Azerbaijan–South Korea relations

Diplomatic mission
- Embassy of Azerbaijan, Seoul: Embassy of South Korea, Baku

Envoy
- Ambassador of Azerbaijan to South Korea Ramin Hasanov: Ambassador of South Korea to Azerbaijan Kang Kym-gu

= Azerbaijan–South Korea relations =

Azerbaijan–South Korea relations are the bilateral relations between the Republic of Azerbaijan and the Republic of Korea. The two nations share a history of forging partnerships in the post-Soviet era, with formal diplomatic ties established in 1992 following Azerbaijan's independence in 1991. Although there were no direct historical interactions prior to the dissolution of the Soviet Union, the modern relationship between Azerbaijan and Korea has been shaped by both nations' developments in the 20th and 21st centuries. South Korea was one of the first countries to recognize the independence of Azerbaijan.

== History ==
During the Soviet period, Azerbaijan was incorporated into the Soviet Union, and its foreign relations, like those of other republics, were run by Moscow. As a result, there were no direct diplomatic or trade relations between Azerbaijan and Korea. For its part, Korea faced its own challenges, as it remained under Japanese colonial rule from 1910 to 1945 before being split into North and South after World War II. Though Azerbaijan, a part of the Soviet Union during the Korean War (1950–1953), was indirectly involved, no specific ties between Azerbaijan and Korea were formed at that time.

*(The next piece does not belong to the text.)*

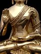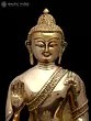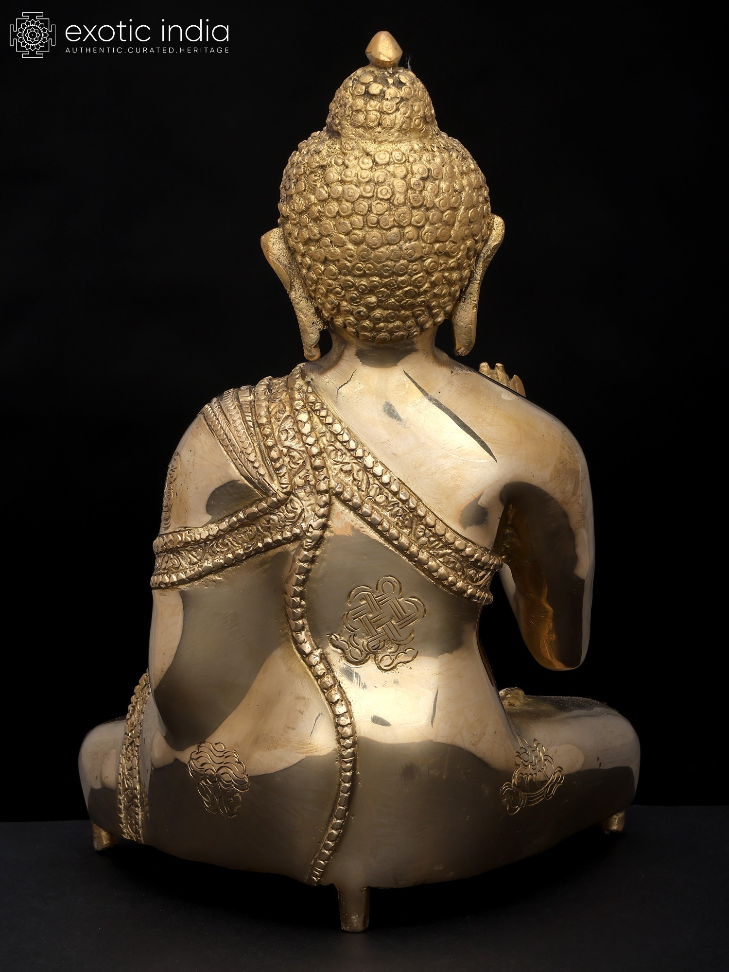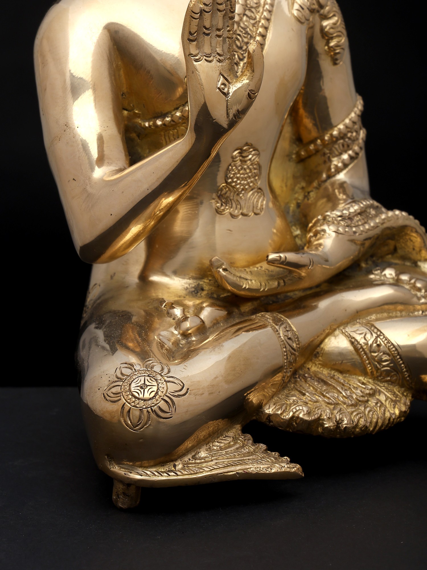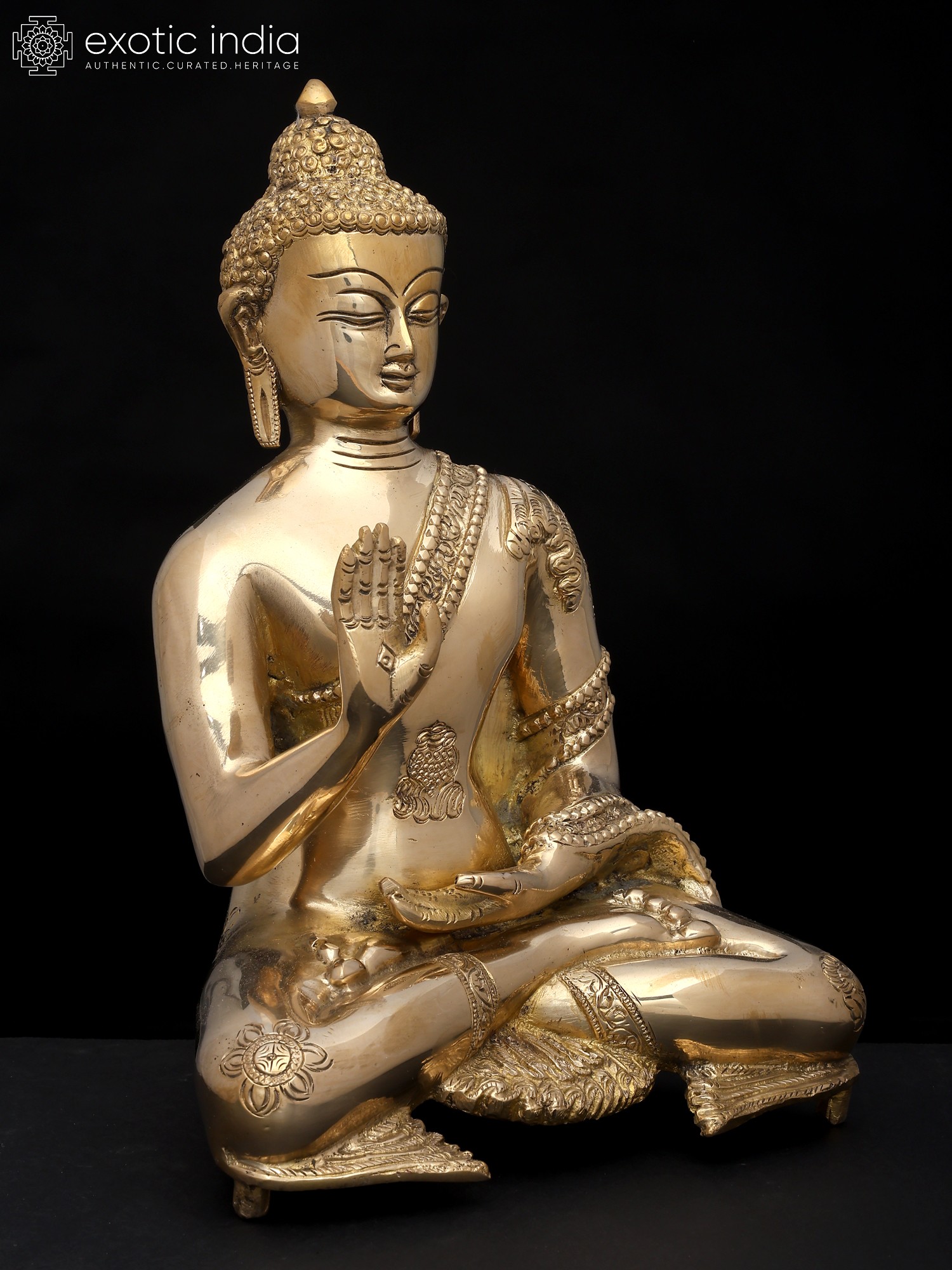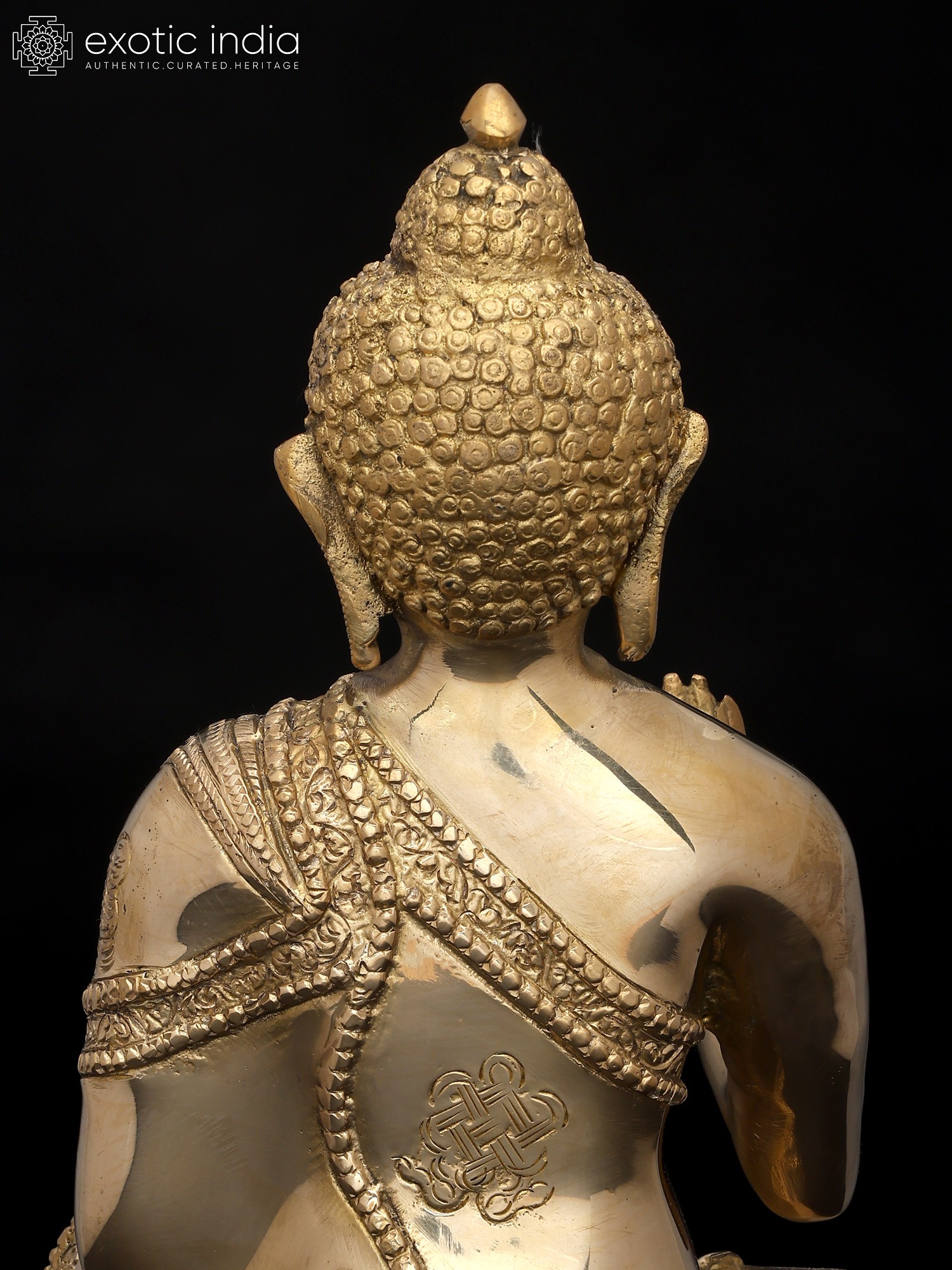 A brass sculpture depicting Buddha in the Abhaya and Dhyana Mudras is a powerful representation of the enlightened one. In this depiction, Buddha is shown seated in a meditative posture, with crossed legs and a serene countenance. His right hand is raised in the Abhaya Mudra, a gesture of fearlessness and protection, symbolizing the dispelling of fear and granting of assurance to his devotees. His left-hand rests on his lap in the Dhyana Mudra, signifying deep meditation and spiritual concentration. The intricate details of the brass sculpture bring out the tranquility and spiritual presence of the Buddha. This portrayal serves as a reminder of the Buddha's profound teachings on inner peace, fearlessness, and the path to enlightenment, making it a cherished representation of Buddhist philosophy and practice.

=== Independence of Azerbaijan and establishment of relations ===
Following the declaration of independence of Azerbaijan in 1991 after the dissolution of the Soviet Union, the Republic of Korea officially recognized the sovereignty of Azerbaijan. Diplomatic relations between the two countries were established on March 23, 1992. These relations were built upon mutual interests in political and economic cooperation, especially regarding energy, technology, and infrastructure development.

Despite the geographic distance, Azerbaijan and South Korea have developed a multifaceted relationship characterized by diplomatic, economic, and cultural cooperation. The establishment of formal relations between the two countries in 1992 laid the foundation for further development of ties. However, critical milestones in the 2000s finally cemented their partnership, especially with the opening of the Korean embassy in Baku on March 4, 2006, which became the first South Korean diplomatic mission in the South Cauacsus region, and the establishment of the Azerbaijani embassy in Seoul on March 14, 2007. Moreover, political relations between the two states were boosted by high-level mutual visits. These events not only brought the sides closer in their bilateral relations but also opened new stages of cooperation in different fields.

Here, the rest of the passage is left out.